What needs to be done: When you return the data, keep every line exactly as it is and leave out the pictures.

Data excerpt:
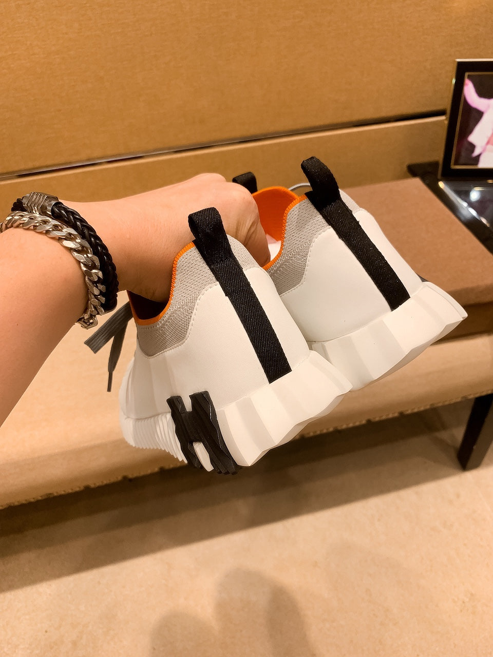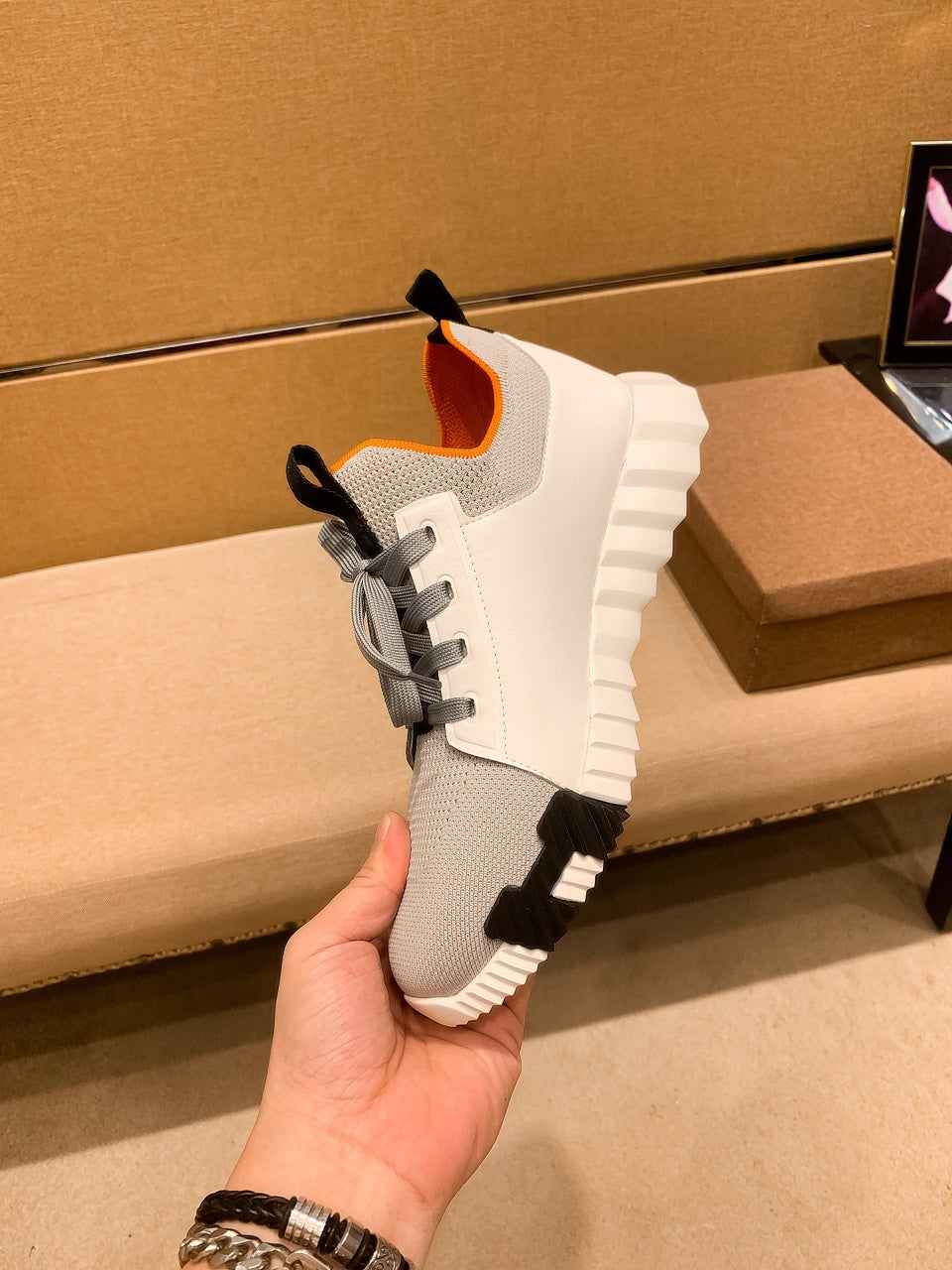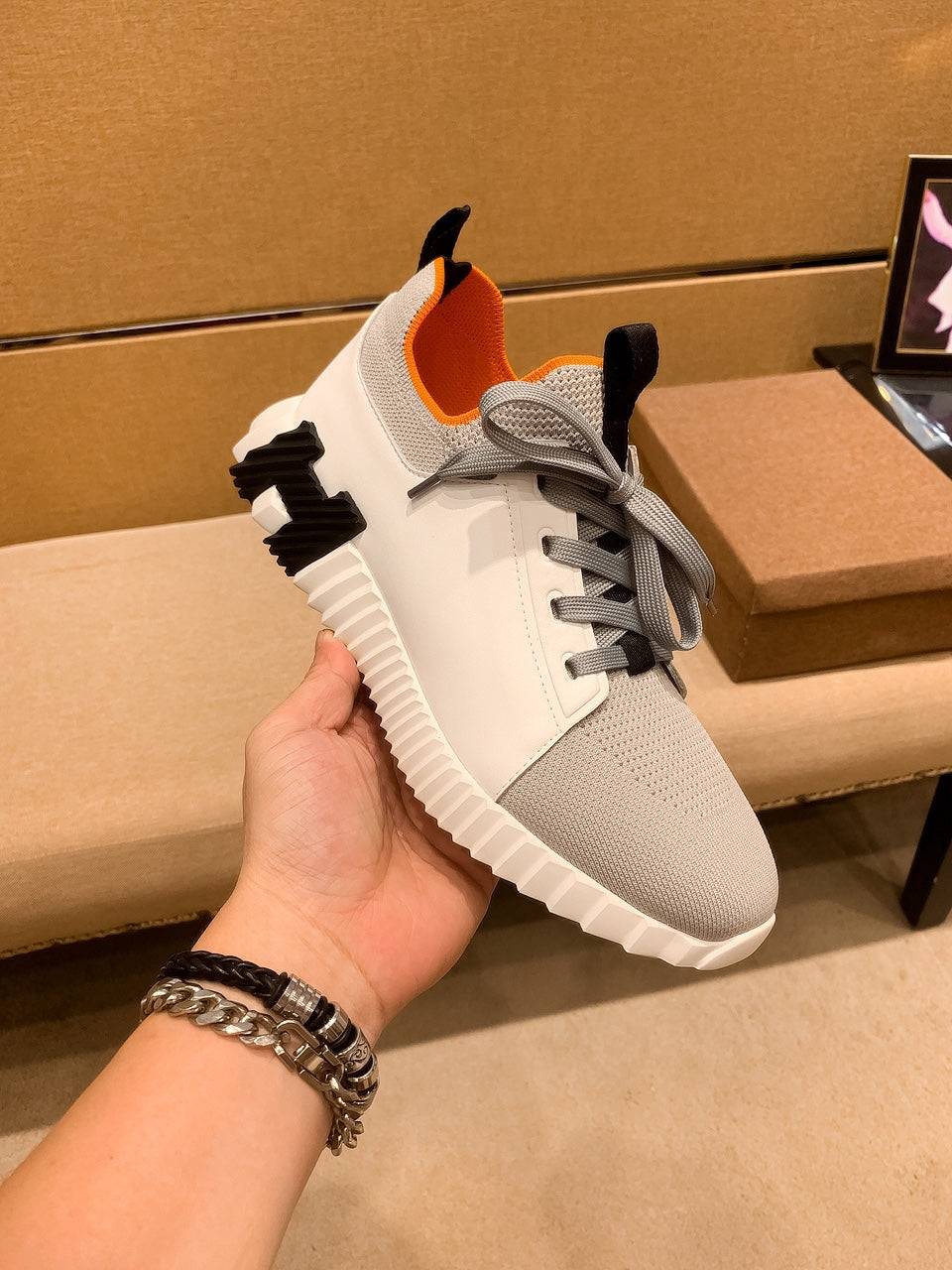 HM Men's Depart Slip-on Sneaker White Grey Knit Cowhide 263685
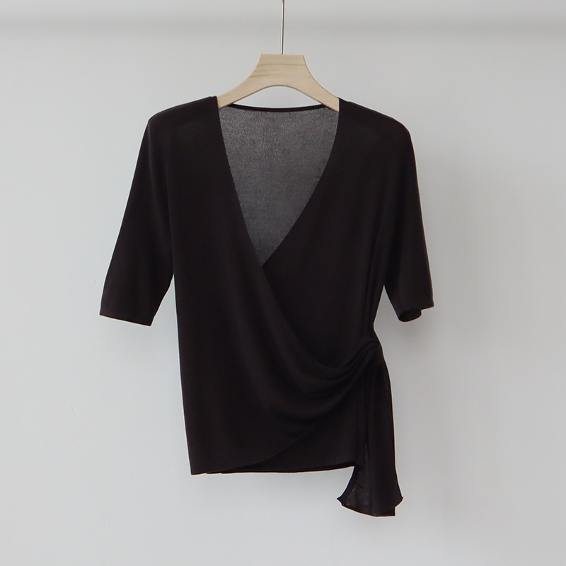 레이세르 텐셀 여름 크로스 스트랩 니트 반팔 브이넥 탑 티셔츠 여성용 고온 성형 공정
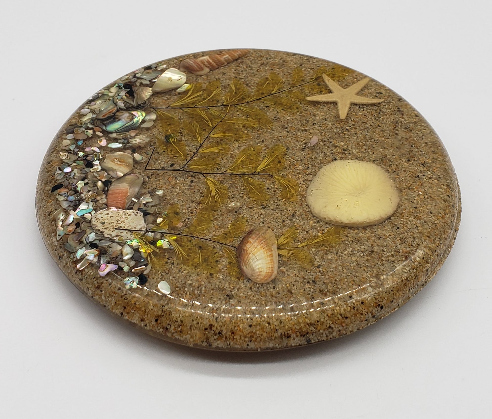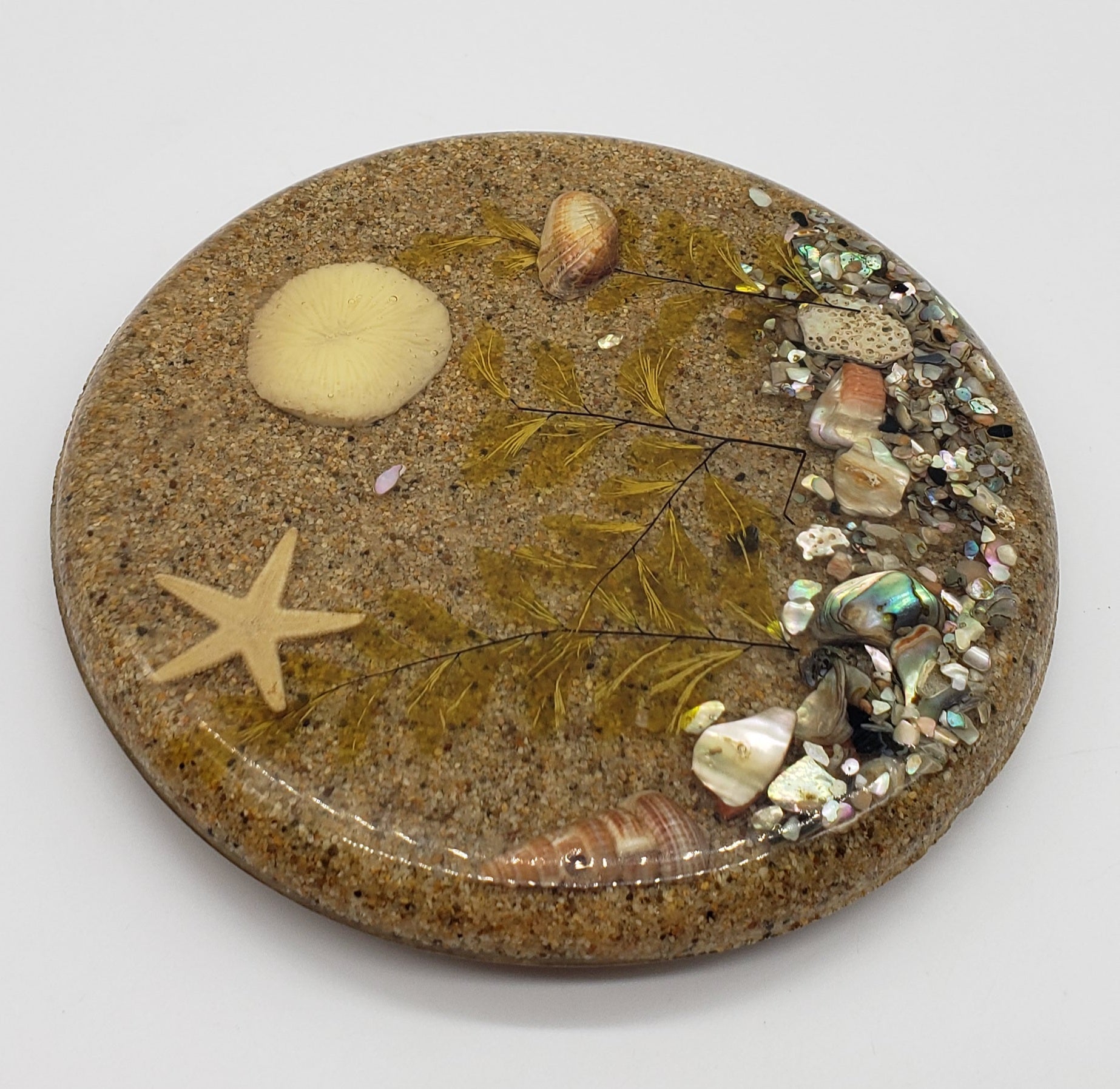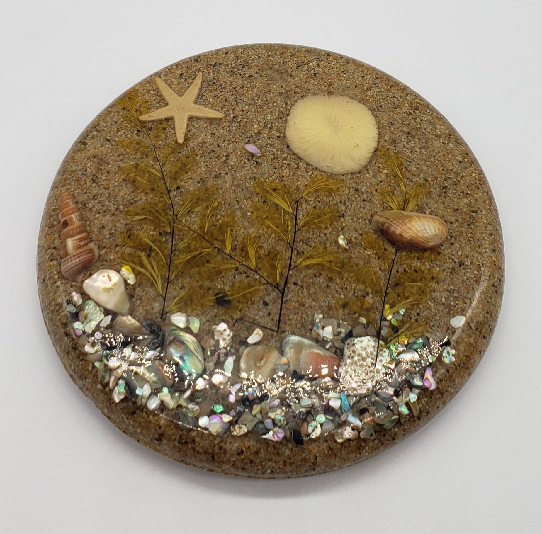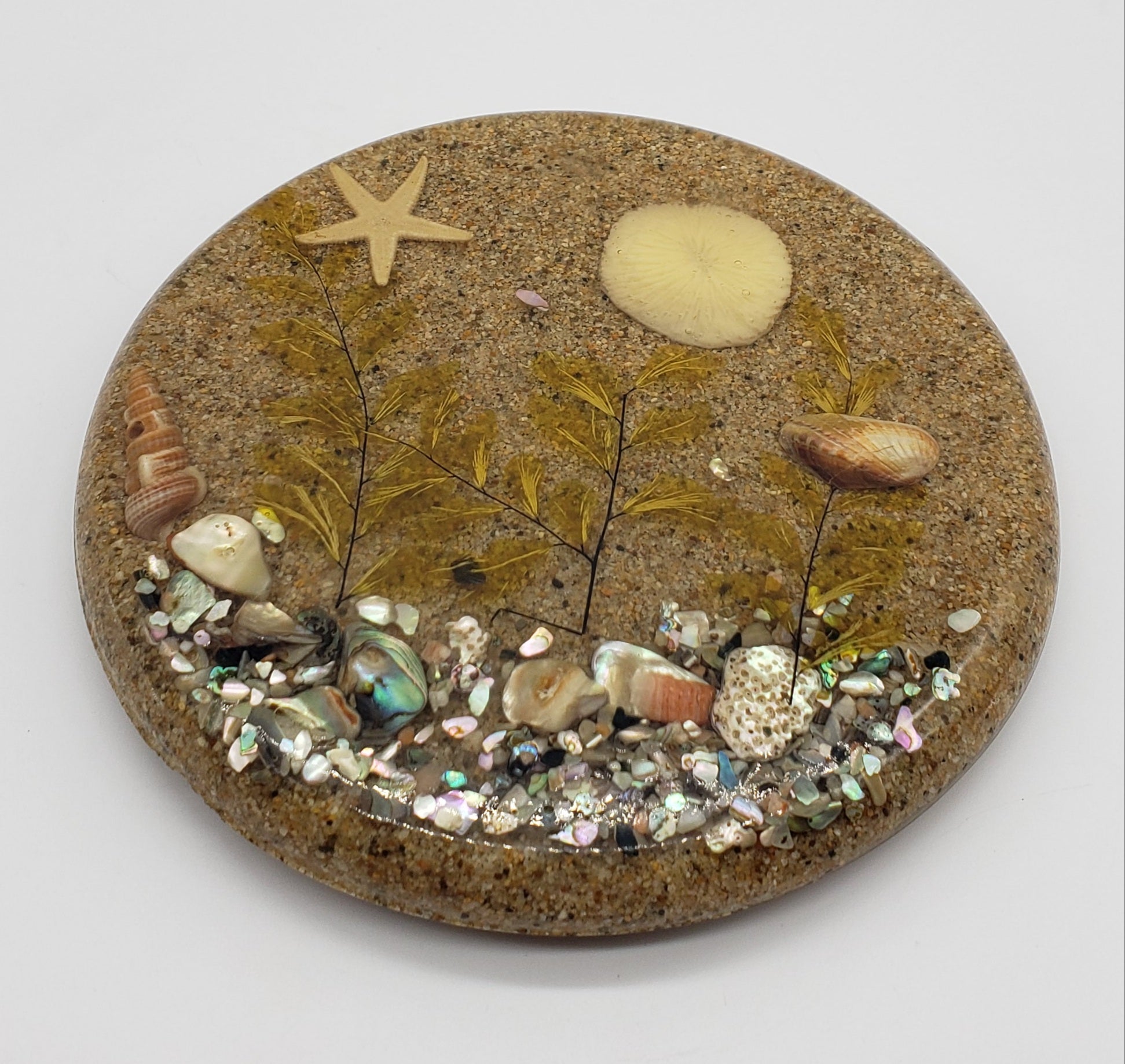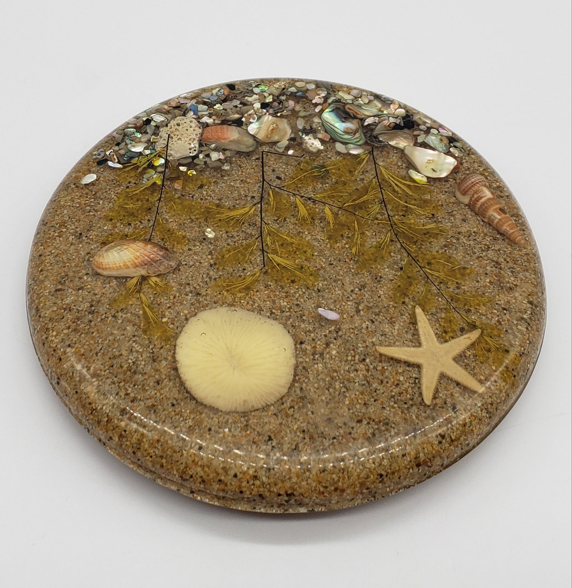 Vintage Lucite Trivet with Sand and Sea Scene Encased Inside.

Response to the task:
 HM Men's Depart Slip-on Sneaker White Grey Knit Cowhide 263685
 레이세르 텐셀 여름 크로스 스트랩 니트 반팔 브이넥 탑 티셔츠 여성용 고온 성형 공정
 Vintage Lucite Trivet with Sand and Sea Scene Encased Inside.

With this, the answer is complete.